**Problem to work on**:
Search the listing below for the line with "衣柜一到,马上就通知我收货。", then write out that line and every one after it exactly, without the pictures.

START Supplied data

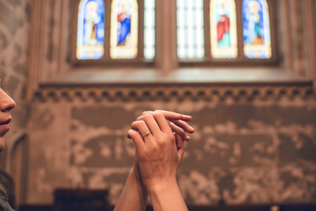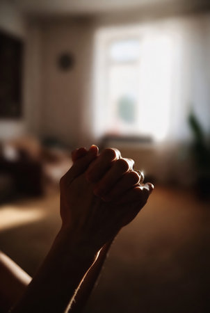 Praying with hands and praying together with religious faith and belief in god on blessing background The power of hope or love and devotion.
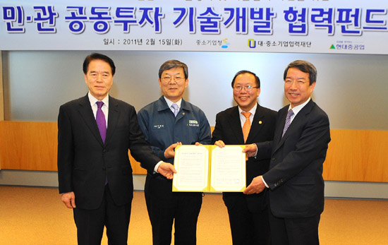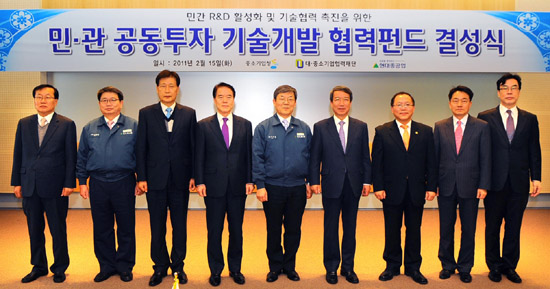 협약에 따르면, 현대중공업과 중소기업청은 앞으로 중소기업의 국산화 및 신제품 개발 비용을 개발 과제당 10억 원 한도 내에서 최대 75%까지 지원하게 된다. 또, 현대중공업은 2·3차 협력사로 동반성장 정책을 확대하고, 중소기업에 대한 품질 및 기술개발 지원도 강화해나가기로 약속했다. (사진: ‘민∙관 공동 기술개발 펀드’ 협약식 참석자들의 모습)
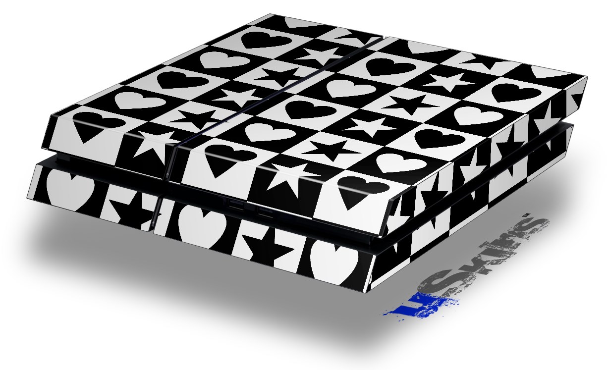 Vinyl Decal Skin Wrap compatible with Sony PlayStation 4 Original Console Hearts And Stars Black and White (PS4 NOT INCLUDED)
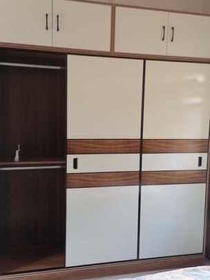衣柜一到,马上就通知我收货。安装师傅服务态度很好,装了几个小时才装好,辛苦了。衣柜高2.5米,宽1.6米,很大气,比实体店便宜不少。质量也不错,比较结实,满意的一次购物。
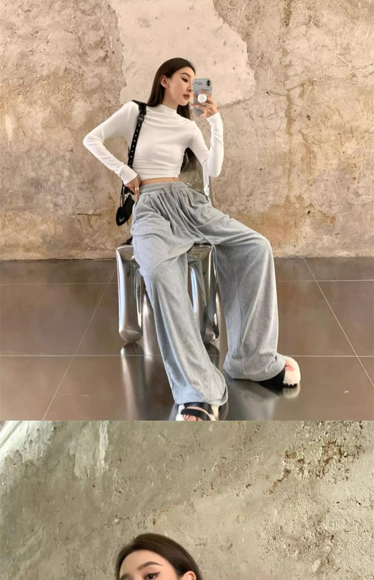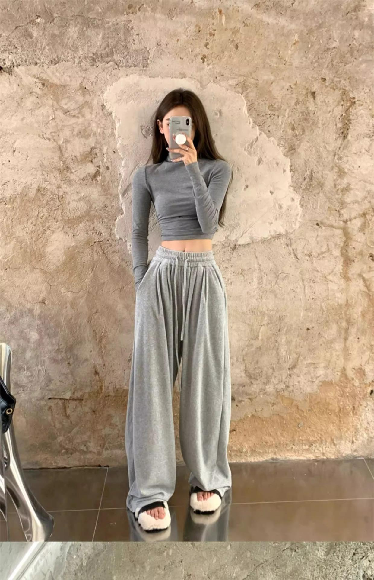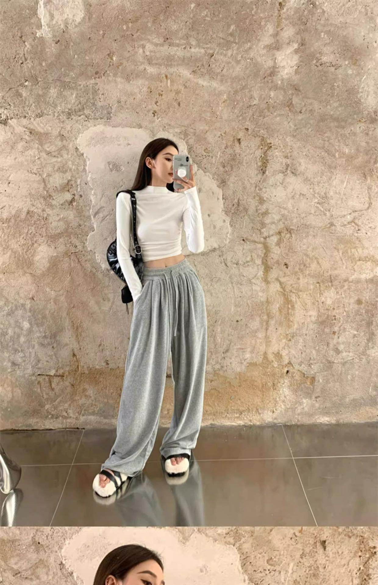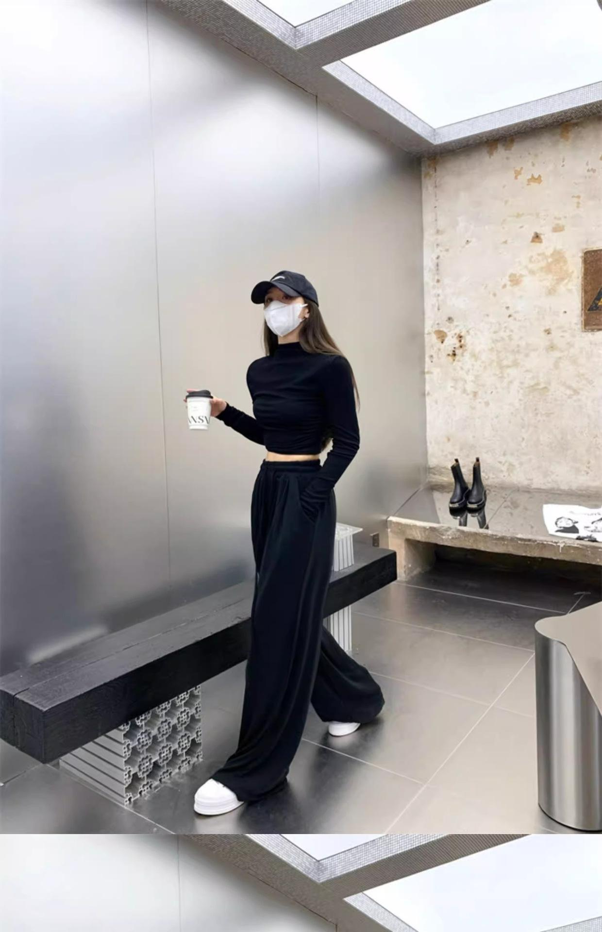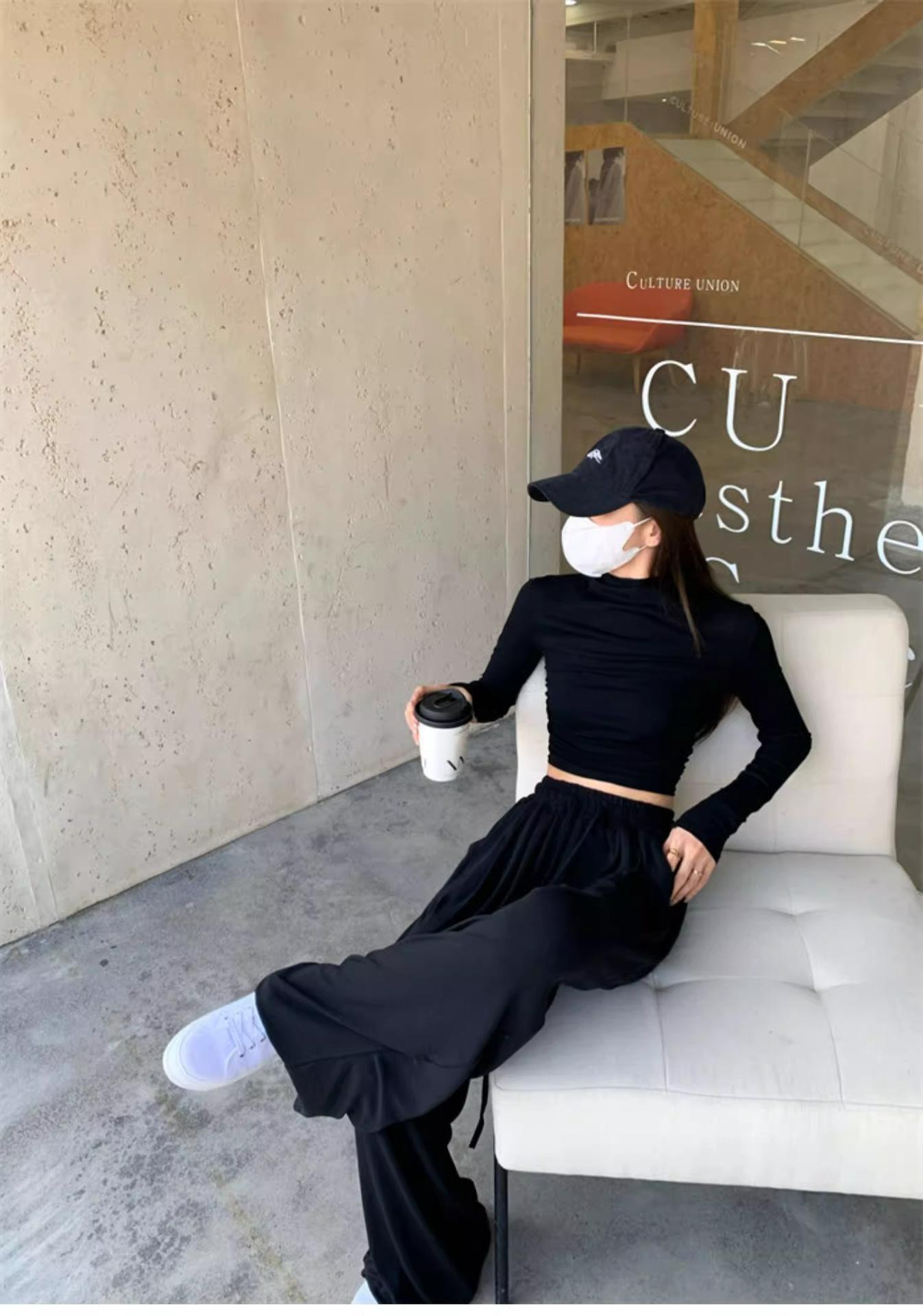 Camiseta de manga larga interior para mujer, color blanco puro, con cuello alto y parte superior corta ajustada de estilo occidental de moda de otoño e invierno
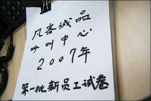 通過(guò)了面試就要來(lái)參加培訓(xùn)嘍~~這是在呼叫中心工作開(kāi)始的第一步。瞧,培訓(xùn)教室上的門牌很有“氣派”吧。除了“清華在培”、“北大在培”,同期還有“斯坦福在培”、“牛津在培訓(xùn)”……
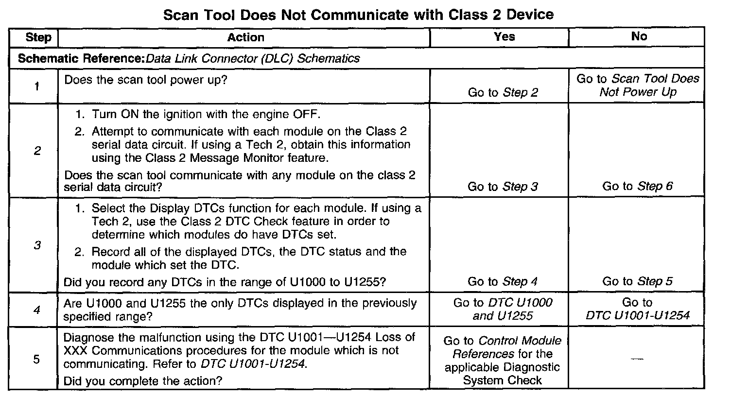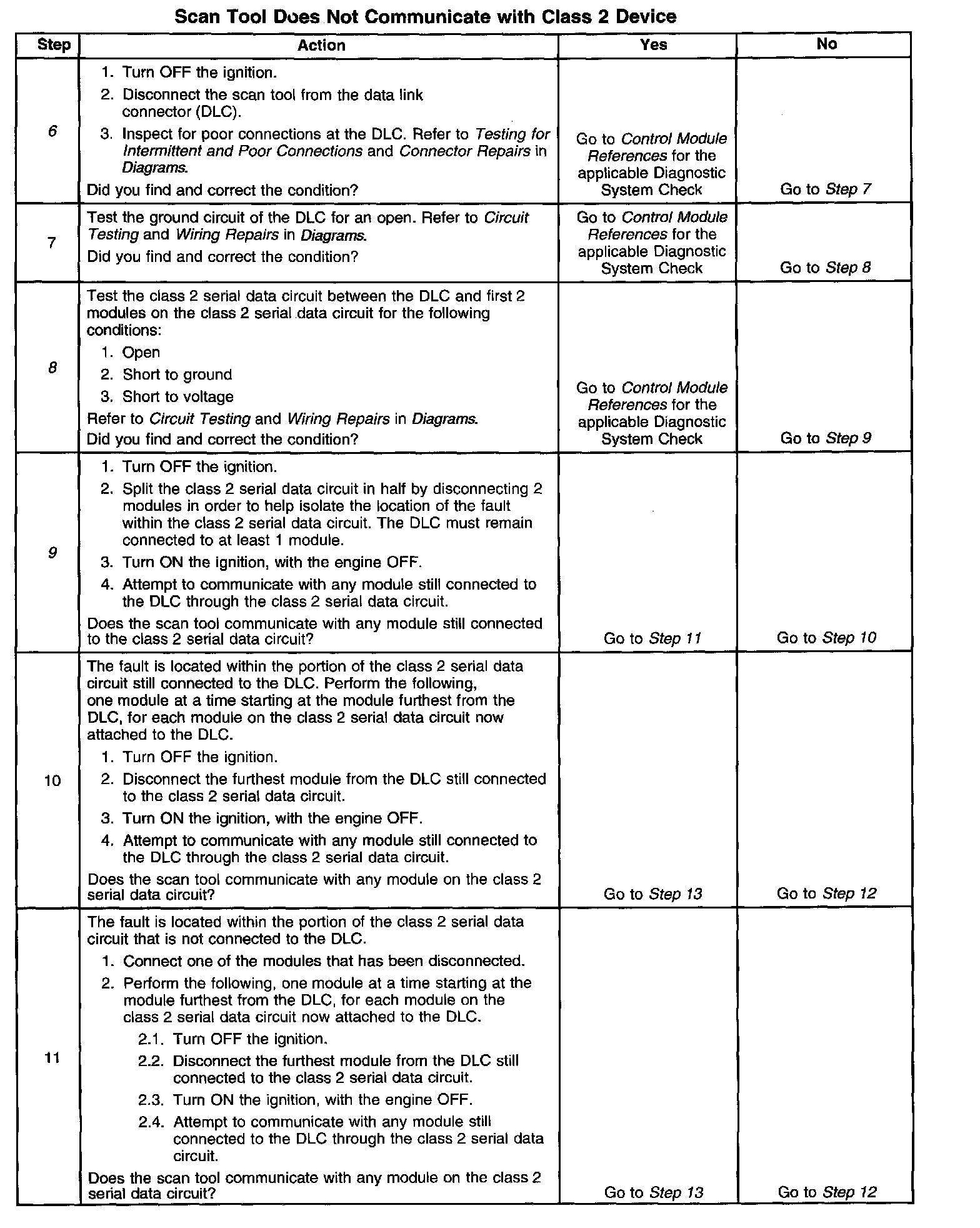8. An open between the DLC and the class 2 serial data circuit will prevent the scan tool from communicating with any module. This condition will not set a DTC.

END Supplied data

**Expected answer**:
衣柜一到,马上就通知我收货。安装师傅服务态度很好,装了几个小时才装好,辛苦了。衣柜高2.5米,宽1.6米,很大气,比实体店便宜不少。质量也不错,比较结实,满意的一次购物。
 Camiseta de manga larga interior para mujer, color blanco puro, con cuello alto y parte superior corta ajustada de estilo occidental de moda de otoño e invierno
 通過(guò)了面試就要來(lái)參加培訓(xùn)嘍~~這是在呼叫中心工作開(kāi)始的第一步。瞧,培訓(xùn)教室上的門牌很有“氣派”吧。除了“清華在培”、“北大在培”,同期還有“斯坦福在培”、“牛津在培訓(xùn)”……
8. An open between the DLC and the class 2 serial data circuit will prevent the scan tool from communicating with any module. This condition will not set a DTC.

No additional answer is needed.